Now the final yaml file looks like this:

apiVersion: apps/v1
kind: StatefulSet
metadata:
  labels:
    app: parity-mainnet
  name: parity-mainnet
spec:
  replicas: 1
  serviceName: parity-mainnet
  selector:
    matchLabels:
      app: parity-mainnet
  template:
    metadata:
      labels:
        app: parity-mainnet
    spec:
      affinity:
        podAntiAffinity:
          requiredDuringSchedulingIgnoredDuringExecution:
          - labelSelector:
              matchExpressions:
              - key: app
                operator: In
                values:
                - parity-mainnet
                - parity-mainnet-backup
            topologyKey: kubernetes.io/hostname
      containers:
      - args:
        - --jsonrpc-interface=0.0.0.0
        - --ws-interface=0.0.0.0
        - --pruning=fast
        - --pruning-history=128
        - --tracing=on
        - --cache-size=4096
        - --base-path=/home/parity/.local/share/io.parity.ethereum
        image: parity/parity:v2.2.11
        imagePullPolicy: IfNotPresent
        name: parity
        volumeMounts:
        - mountPath: /home/parity/.local/share/io.parity.ethereum
          name: data
      - image: quay.io/exodusmovement/parity-exporter
        imagePullPolicy: IfNotPresent
        name: parity-exporter
        env:
        - name: PARITY_EXPORTER_LISTEN
          value: '0.0.0.0:8000'
        - name: PARITY_EXPORTER_NODE
          value: 'http://127.0.0.1:8545/'
  volumeClaimTemplates:
  - metadata:
      name: data
    spec:
      accessModes: [ "ReadWriteOnce" ]
      storageClassName: "ssd-disks"
      resources:
        requests:
          storage: 200Gi

Conclusion

In this post, we have showed you some best practices to run blockchain full nodes in Kubernetes cluster efficiently.

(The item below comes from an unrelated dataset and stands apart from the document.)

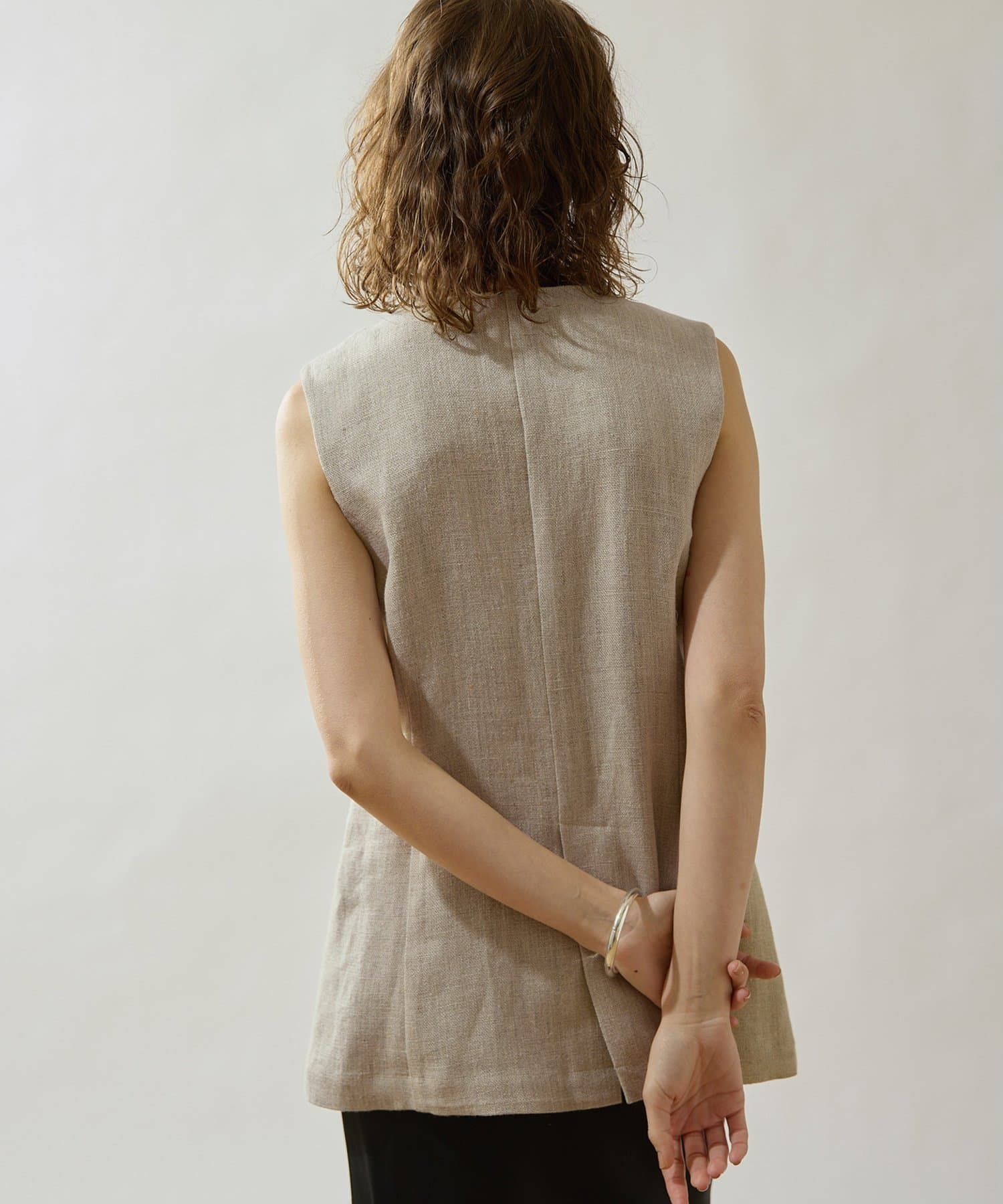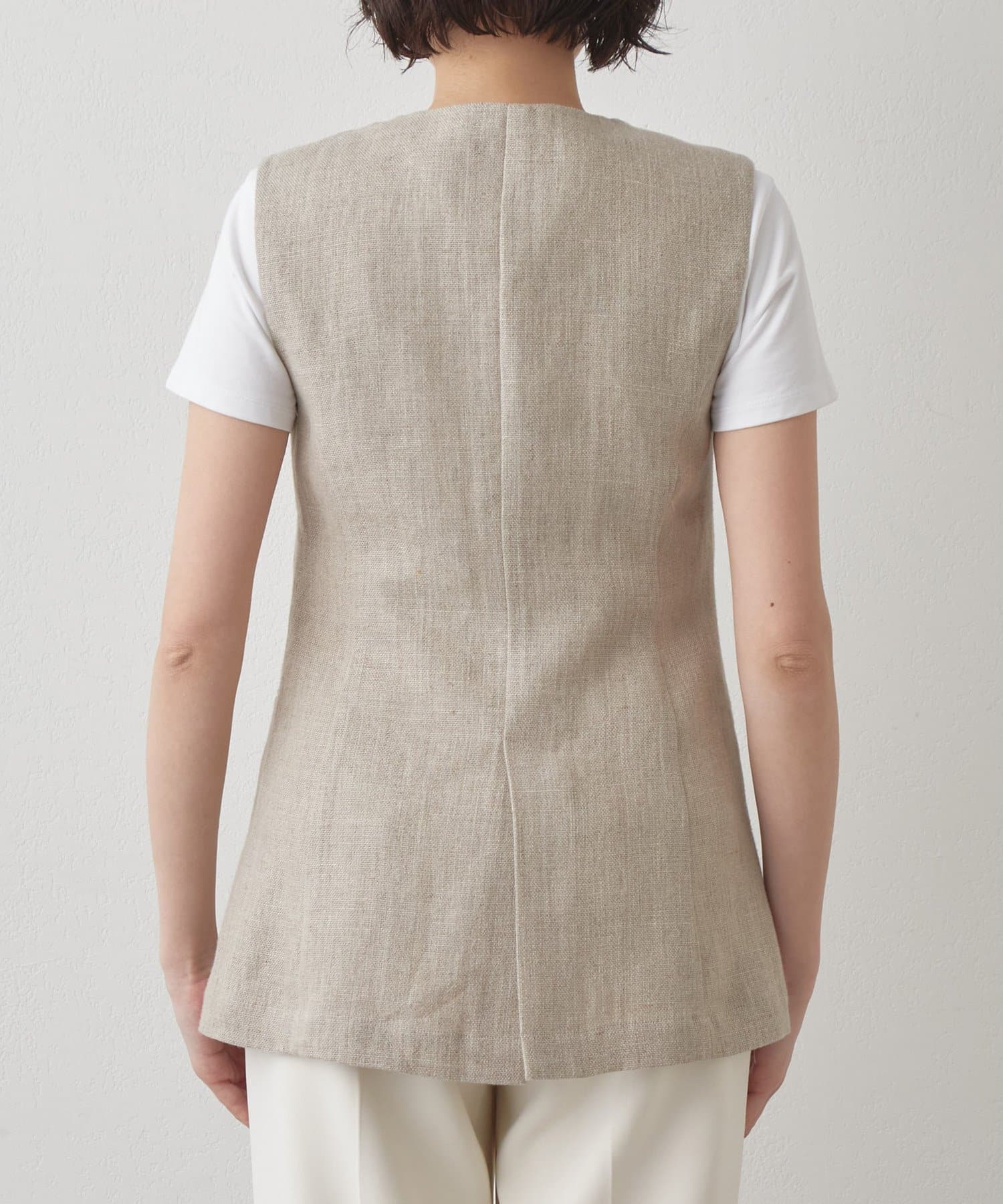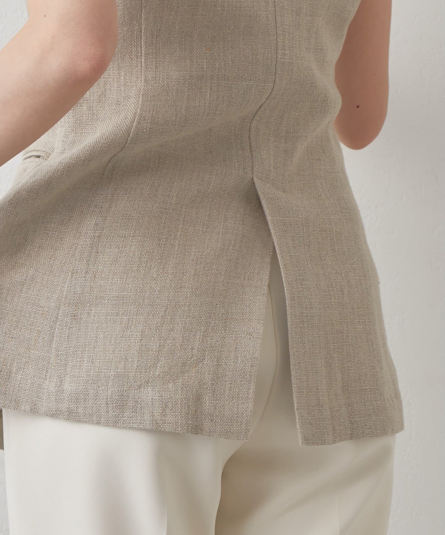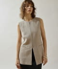 ■リネン100%素材で仕立てたクルーネックジレ。

We’re relying on some existing Kubernetes features and tools:

  • StatefulSet

  • Local Persistent Volume

  • Operator

  • Pod Anti-Affinity

Running stateful workloads is not as easy as running stateless workloads. By adopting existing Kubernetes features properly, you can run your blockchain full nodes or any stateful servers without hassle.